Eric Clapton is God. Or, at least, he was to many at the peak of his career. The guitar hero’s virtuosic style blew the minds of young audiences while he was in Cream and challenged other musicians to do what only he and a select few others could do. Now, many years past the end of Cream and Clapton’s notable successes as a solo artist, the English musician continues to crank out music, most recently with I Still Do.

In titling the album this way, a question is raised: What does he still do? Clapton may be referring to music in general, the blues or his guitar-playing that made him so famous in the first place. In listening to I Still Do, it may be assumed this referent is directed toward his skill as a guitarist, as the album features lengthy, rambling guitar interludes. But when listening more closely, the title likely refers to Clapton being moved by music; after all these years he is still taken over by the power of sound.

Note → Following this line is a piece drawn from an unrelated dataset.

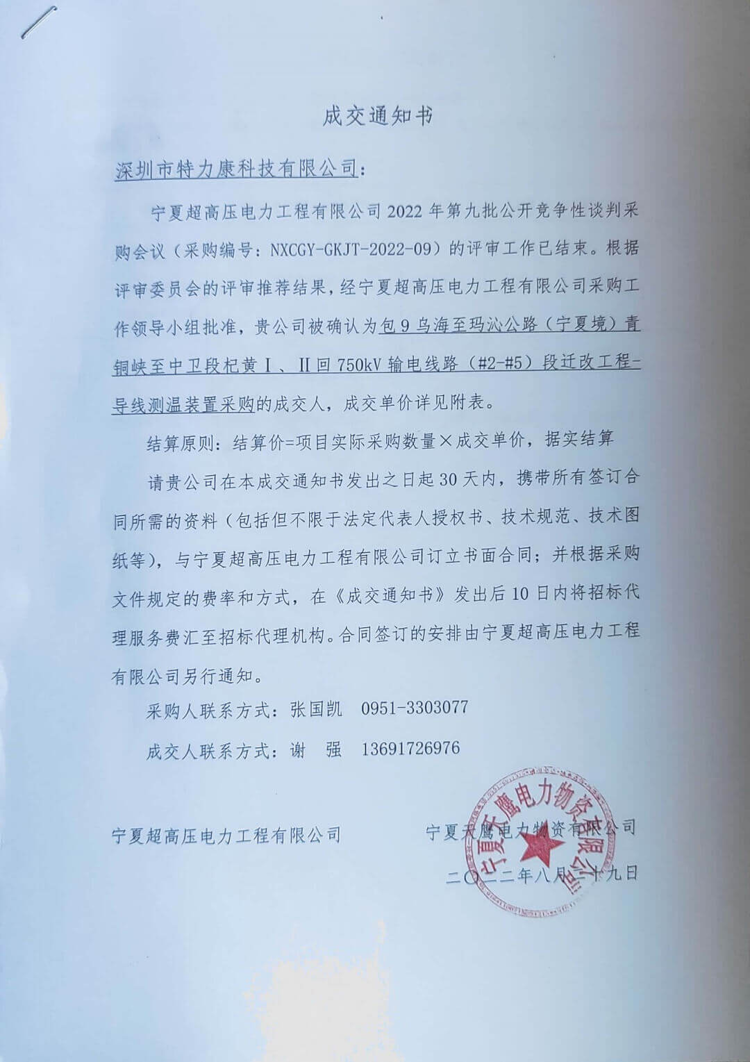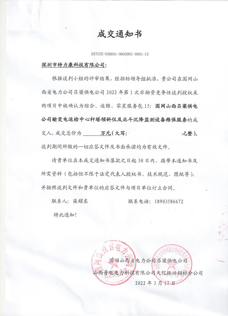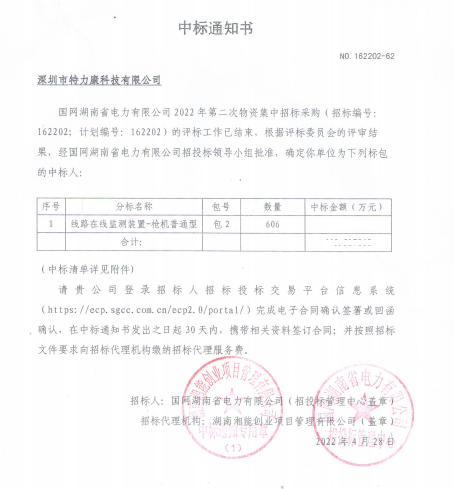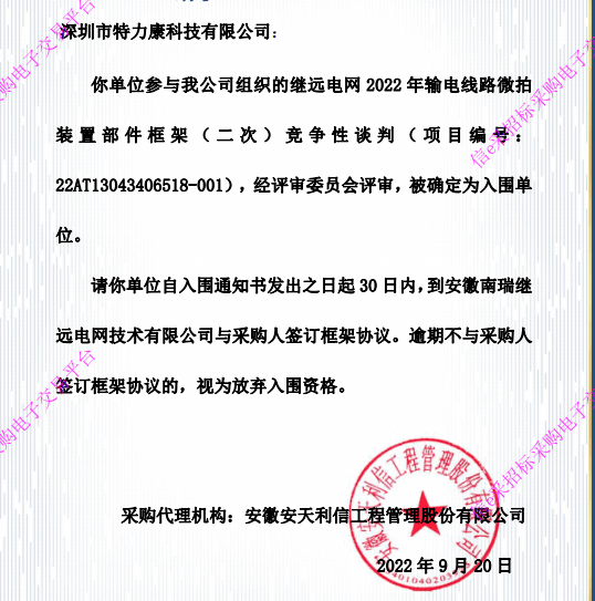 特力康中標(biāo)國網(wǎng)黑龍江送變電工程公司的2024年度第18次物資類競爭性談判采購項(xiàng)目——慶陽驅(qū)鳥器物資框 特力康中標(biāo)國網(wǎng)甘肅省電力公司省管產(chǎn)業(yè)單位2024年第五次物資競爭性談判授權(quán)采購項(xiàng)目 中標(biāo)喜訊:深圳市特力康科技有限公司成功入圍許繼集團(tuán)綜合能源公司輸電線路視頻在線監(jiān)測裝置模塊集采項(xiàng)目 中標(biāo)喜訊:特力康成功中標(biāo)國網(wǎng)重慶市電力公司渝中一片區(qū)項(xiàng)目 特力康成功中標(biāo)國網(wǎng)天津市電力公司2024年第二次?物?資招標(biāo)項(xiàng)目 特力康中標(biāo)國網(wǎng)安徽省電力有限公司蕪湖供電公司2024年3月非物質(zhì)采購項(xiàng)目 山東電網(wǎng) “穩(wěn)塔哨兵”:特力康智能桿塔傾斜監(jiān)測預(yù)警裝置筑牢電力桿塔安全防線 特力康科技輸電線路高清圖像監(jiān)控裝置,為河南輸電通道筑牢安全屏障 黃土高原護(hù)塔穩(wěn):特力康傾斜監(jiān)測裝置為山西電網(wǎng)筑牢根基 黔山冰防線:特力康 “數(shù)據(jù) + 圖像” 雙監(jiān)測守護(hù)貴州輸電線路 戈壁林區(qū)的 “火情哨兵”:特力康紅外熱成像裝置守護(hù)甘肅輸電線路 內(nèi)蒙電網(wǎng)裝上 “舞動(dòng)監(jiān)測眼”:特力康輸電線路防舞動(dòng)監(jiān)測系統(tǒng)守護(hù)線路安全 浙江電力裝上“氣象哨兵”:特力康裝置守護(hù)電網(wǎng)應(yīng)對臺(tái)風(fēng)暴雨 蜀道巡線不用“爬”:特力康視頻在線監(jiān)測裝置守護(hù)四川輸電鐵塔 風(fēng)雪中的 “防冰哨兵”:內(nèi)蒙古電力用特力康監(jiān)測系統(tǒng)筑牢覆冰防線 雙軸感知護(hù)塔穩(wěn):山西電力用特力康裝置破解采空區(qū)傾斜難題 寧夏配電線路安裝了我司防外破電子化智能警示牌

Starting off with “Alabama Woman Blues,” it’s immediately made clear this album is straight up blues, as the title of this first track suggests. The album features many covers, as was common in early rock ‘n’ roll records, ambling on in a fashion that functions as both easy-listening and a passionate call to the musician’s life work; it can be played on a lazy afternoon or listened to intently. In Clapton’s “Spiral,” he declares, “You don’t know how much this means / To have this music in me / I just keep playing these blues.” The track is slick and builds to Clapton repeatedly singing, “I gotta have it.” In true blues fashion, “Spiral” is repetitive, guitar heavy and soulful—there is no doubt Clapton means what he sings.

In terms of covers, Clapton looks toward early blues mavericks like Skip James and Robert Johnson. Clapton’s cover of James’s “Cypress Grove” is authentic but unremarkable. He does the track its due, with instrumentation spilling over on itself and gravelly vocals — but nothing much more than that. “Stones In My Passway,” a Robert Johnson cover, is a more successful rendition of a classic twelve-bar blues song. Featuring clapping, tambourine and more spirited vocals from Clapton, the track rolls on to show Clapton’s utter consumption of the music.

Following “Stones In My Passway” is a cover of Bob Dylan’s “I Dreamed I Saw St. Augustine,” an unexpected feature in an album otherwise devoid of folk. The track replaces Dylan’s harmonica interludes with long guitar breaks, making the statement Clapton not only still lives by the music, but he’s continued to be inspired by artists who lie outside of his wheelhouse — that a good song transcends both time and its genre.

Clapton is going back to his roots, paying homage to the artists who have shaped him. Without the blues, there would be no rock ‘n’ roll and, therefore, no prompting of a British youth to spray paint “Clapton is god” on the side of a fence. But while Clapton’s mastery of his craft is beautifully apparent, I Still Do isn’t calling anyone to the streets.